My understand is that cards are only considered such if they are joint. But, my understanding is also that a spouse may ask a judge to consider anything as marital debt. So in the case of the credit cards, if one can prove that what was purchased was for marital benifit, such as the property tax on marital home, mortgage payment on marital home, utilities on marital home, when the card holder was not living there but the other spouse was, agreed purchaes between parties. Should these cards then at least be presented to the judge for consideration?

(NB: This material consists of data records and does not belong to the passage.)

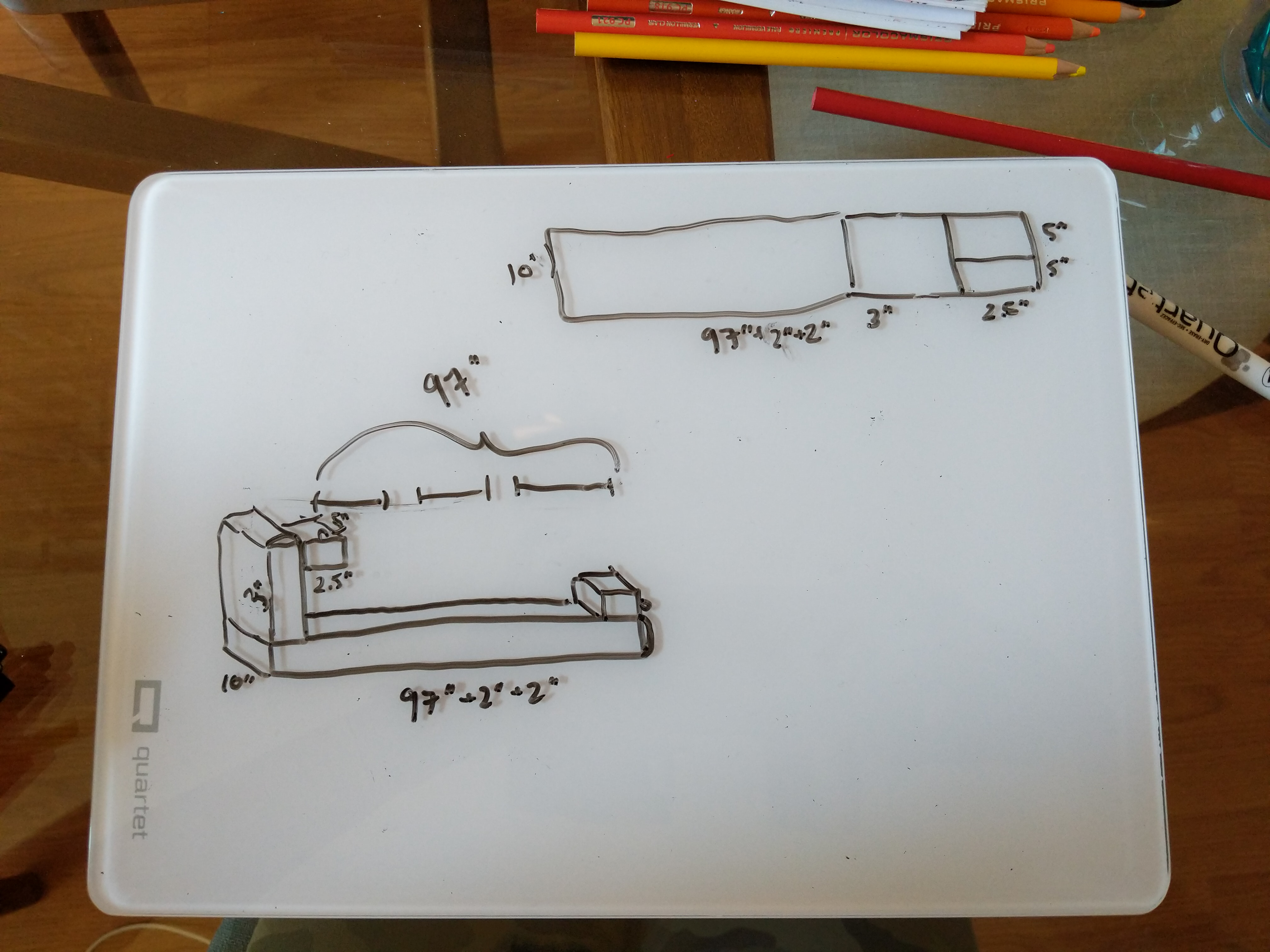 We had a slight issue in matching the design from the post because there is a box in the right corner that hides some duct work. I sketched out a modified design using this cute little personal whiteboard I recently purchased from Quartet:
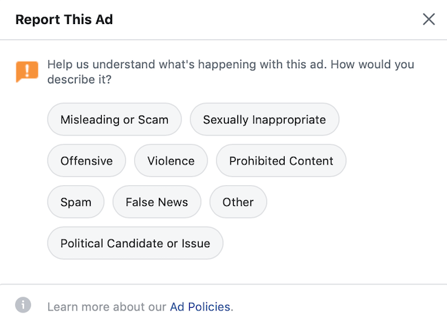 危险信号:未遵守Facebook的广告政策。
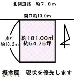 整形地、前道6m以上、閑静な住宅街、建築条件なし、所有権、側溝、都市ガス(前面道路)、上水道(前面道路)、電気、下水道(宅地内)、住宅向け
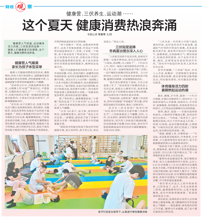 健康营人气旺盛,运动健身活力四射,三伏贴受到追捧……随着人们健康意识的增强,这个夏天,健康消费热浪奔涌。(今日《郑州日报》4版)

Asked on November 13, 2012 under Family Law, Ohio

Answers:

M.D., Member, California and New York Bar / FreeAdvice Contributing Attorney

Answered 9 years ago | Contributor

Typically, the financial burden usually lies with the person who opened the account. So as long as the account is solely in 1 spouse's name, there should be no problem in determining liability. The law differs in community property states where, as a general rule, both spouses share equally in credit debt no matter whose name the card was opened in.

That being said, things are different for joint accounts. The rules on such accounts vary by state, but in most cases, marital debt includes any debt incurred during the marriage regardless of whose name actually appears on the title. So for joint accounts, whatever credit card debt you built up while still married, you will be at least partially responsible for those debts upon divorce.

Exceptions to the above, however, do exist. If one of the former spouses is solely responsible for most of the credit card activity. In such cases, a court may not consider that a marital debt marital, and will order that the responsible party pay the debt in full.